[Stored entries]
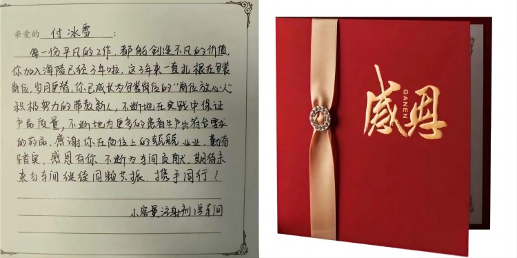 感謝卡:每一份平凡的工作,都能創造不凡的價值,你加入海陵已經3年啦,這3年來一直扎根在包裝崗位,歲月更替,你已成長為包裝崗位的“崗位放心人”。積極努力地帶教新人,不斷地在實踐中保證產品質量,不斷地為更多的患者生產出符合要求的藥品。感謝你在崗位上的兢兢業業,勤奮踏實,感恩有你,不斷為車間貢獻,期待未來與車間繼續同頻共振,攜手同行!
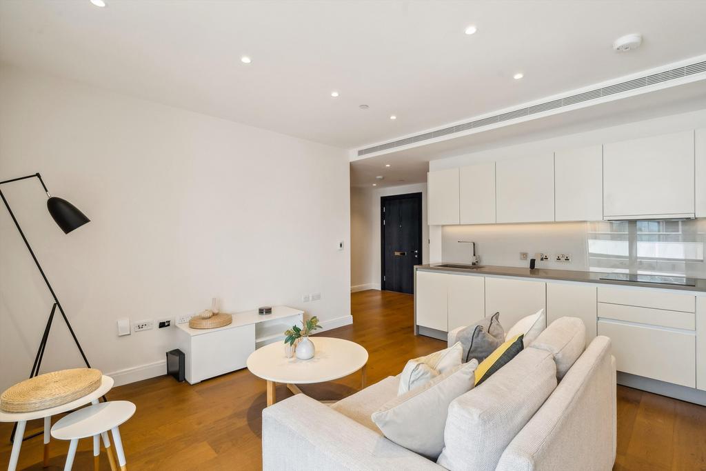 This gorgeous apartment is located on the 8th floor of a contemporary development next to Battersea Park. The flat comprises an open-plan kitchen and reception with sleek integrated appliances and wooden flooring, a double bedroom with built-in wardrobes, a modern bathroom, and a utility room. The living room and bedroom both have doors opening out to a south-west facing balcony. There is also the unique opportunity to purchase the next door apartment and amalgamate the two spaces, subject to freeholder's consent and planning permission.
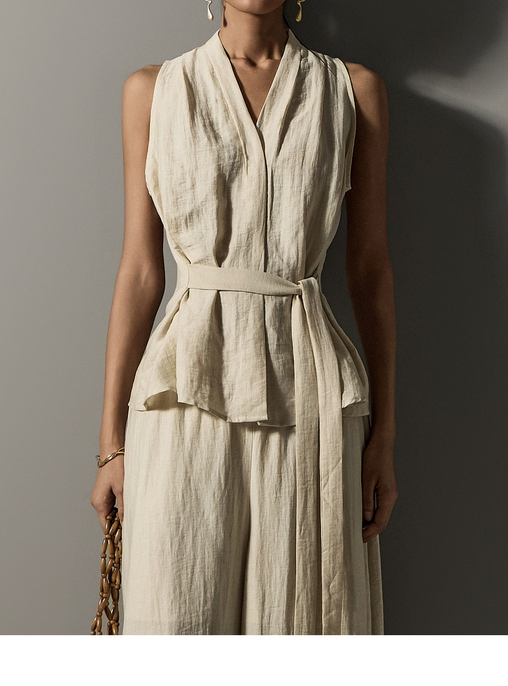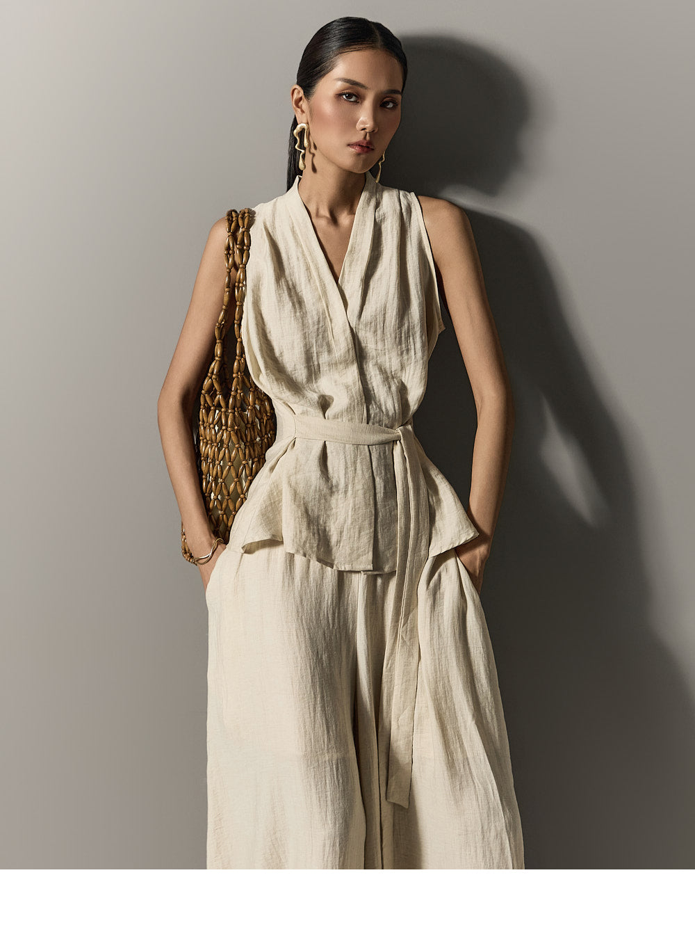 エレガントで洗練された雰囲気を醸し出すラップブラウス。
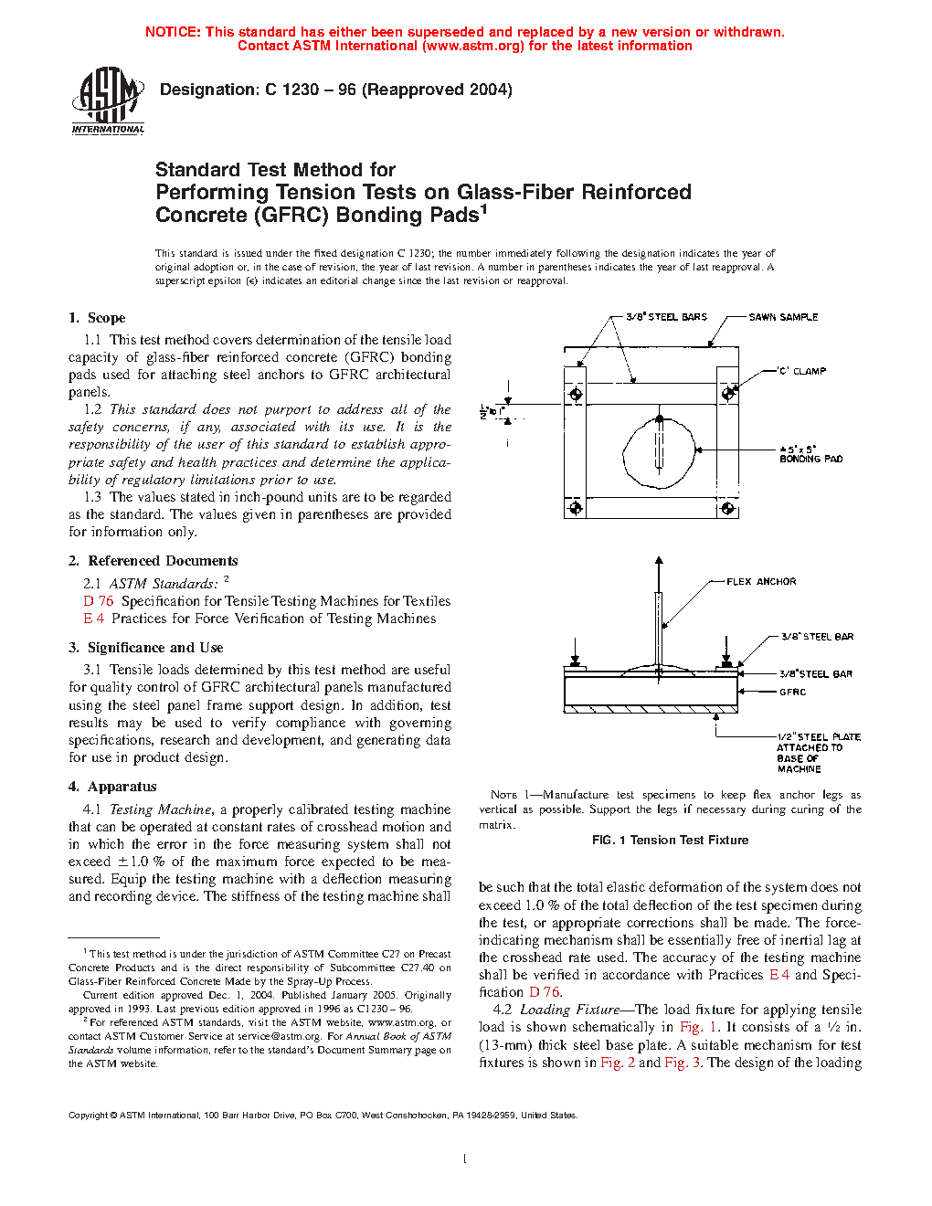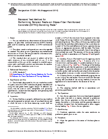 1.1 This test method covers determination of the tensile load capacity of glass-fiber reinforced concrete (GFRC) bonding pads used for attaching steel anchors to GFRC architectural panels.
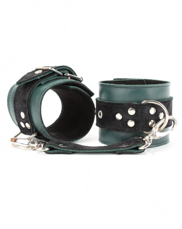 Оковы выполнены из натуральной кожи изумрудного цвета.

■ Prompt ■
Pictures stay out. Repeat only the lines from the beginning of the data through the line that has "エレガントで洗練された雰囲気を醸し出すラップブラウス。".

■ Answer box ■
 感謝卡:每一份平凡的工作,都能創造不凡的價值,你加入海陵已經3年啦,這3年來一直扎根在包裝崗位,歲月更替,你已成長為包裝崗位的“崗位放心人”。積極努力地帶教新人,不斷地在實踐中保證產品質量,不斷地為更多的患者生產出符合要求的藥品。感謝你在崗位上的兢兢業業,勤奮踏實,感恩有你,不斷為車間貢獻,期待未來與車間繼續同頻共振,攜手同行!
 This gorgeous apartment is located on the 8th floor of a contemporary development next to Battersea Park. The flat comprises an open-plan kitchen and reception with sleek integrated appliances and wooden flooring, a double bedroom with built-in wardrobes, a modern bathroom, and a utility room. The living room and bedroom both have doors opening out to a south-west facing balcony. There is also the unique opportunity to purchase the next door apartment and amalgamate the two spaces, subject to freeholder's consent and planning permission.
 エレガントで洗練された雰囲気を醸し出すラップブラウス。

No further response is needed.